Успех спектакля кроется в том, что эти обобщения звучат убедительно и просто. Доннеллан прекрасно понимает, что ставит притчу. У Кальдерона есть целых два ауто под названием “Жизнь есть сон”, а в ауто сакраменталь, или в священных действах, как в мистериях или в моралите, участвуют сплошь аллегорические персонажи – Вина, Власть, Порок, Человек и т.д. И в драме “Жизнь есть сон” отношения Басилио и Сехисмундо можно назвать отношениями Власти и Человека. Басилио отнюдь не злодей, но творит зло по отношению к сыну, руководствуясь Государственным интересом, писавшимся, как и Бог, с большой буквы. Государственный интерес принуждает применять насилие к Человеку. Дело усложняется тем, что у Кальдерона от Человека тоже можно ждать любых проявлений насилия: в драме “Жизнь есть сон” разбушевавшийся во дворце Сехисмундо убивает дерзнувшего его угомонить слугу… Корифей барокко, в отличие от того, что полагали ренессансные гуманисты и будут утверждать просветители, не считал человека добрейшей по своей природе тварью. Во многих произведениях Кальдерон показал то, в чем убедится XIX век, увидев, что некоторых выросших в звериной стае человеческих особей – так называемых “волчьих детей” – уже нельзя научить разговаривать и встать на ноги, они предпочитают существовать по-звериному. Спектакль становится историей преодоления изначальной животной натуры, и Альфредо Новаль демонстрирует, что это такой же трудный процесс, как и то, что Чехов называл выдавливанием из себя по капле раба.

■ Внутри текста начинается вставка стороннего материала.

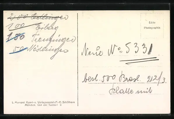 Personenbezogene Daten auf der Rückseite der Karte wurden durch blauen Textmarker unkenntlich gemacht. Die blauen Stellen sind auf die Vorderseite durchgeweicht und wirken sich negativ auf das Postkartenfoto aus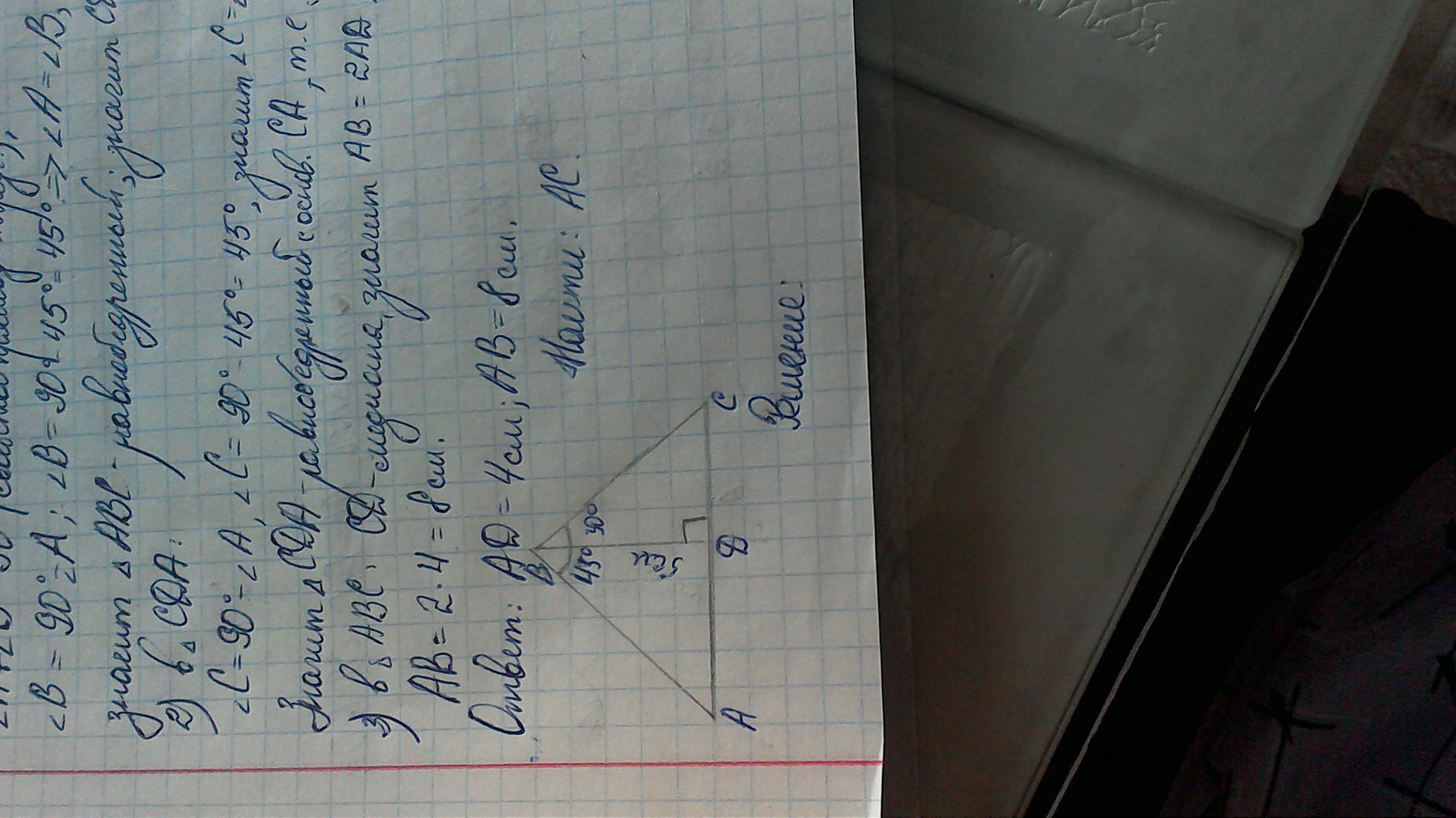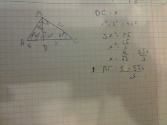 Прошу помощи у лучших умов проекта. Дан треугольник АВС. Высота ВD равна 5 см, угол АВD равен 45°, а угол СВD равен 30°. Найти АС.

Сехисмундо в конце концов превращается из дикаря в гражданина, но режиссер не советует слишком радоваться этому. Гражданин Сехисмундо, надев принесенный бунтовщиками бронежилет, преображается в мощного государя. У некогда жалкого узника обнаруживаются тугие мускулы, косая сажень в плечах, повелительный голос, властная пластика. Он тычет пальцем в сторону спускающихся со сцены в зал ступенек, по которым еще недавно униженно ползал. Сехисмундо уверен, что по его приказу теперь будет ползать любой, он снисходительно треплет по плечу отца и бывшего начальника его тюрьмы Клотальдо, отправляет за решетку солдата, зачинщика бунта, поднявшего его на вершину социальной лестницы: власти без насилия не бывает. Но это не horror вместо happy end’а. Сехисмундо отдает любимую Росауру тому, кого она любит, и протягивает руку Эстрелье, потому что так велит долг, хотя вряд ли он будет с ней счастлив – в спектакле Доннеллана это облаченная в строгие чиновничьи костюмы принцесса-сухарь. Но надежду, что новый властелин окажется мудрее прежнего, внушает осознание Сехисмундо того, что “судьбу нельзя победить насилием” и что власть – не более, чем сон.
Мысль эта подкрепляется неожиданным режиссерским ходом. Доннеллан, с пониманием и уважением относящийся к автору, позволяет себе явную вольность. Заключительные слова драмы “Человеческое счастье / Есть лишь мимолетный сон” произносит вовсе не принц, как у Кальдерона, а король. Это принципиально важно для режиссерской интерпретации. Басилио появляется в самом начале спектакля не как государь, а как ведущий или шталмейстер, который покажет нам некое представление, в такой же роли он выступает и в финале. Подчеркивается: все, что происходило на подмостках, могло оказаться репрезентацией чего-то реального, а могло быть лишь кунштюком, трюком элегантно одетого иллюзиониста, призрачной, как сон, видимостью. Решать зрителю.
Видас СИЛЮНАС
«Экран и сцена»
№ 3-4 за 2023 год.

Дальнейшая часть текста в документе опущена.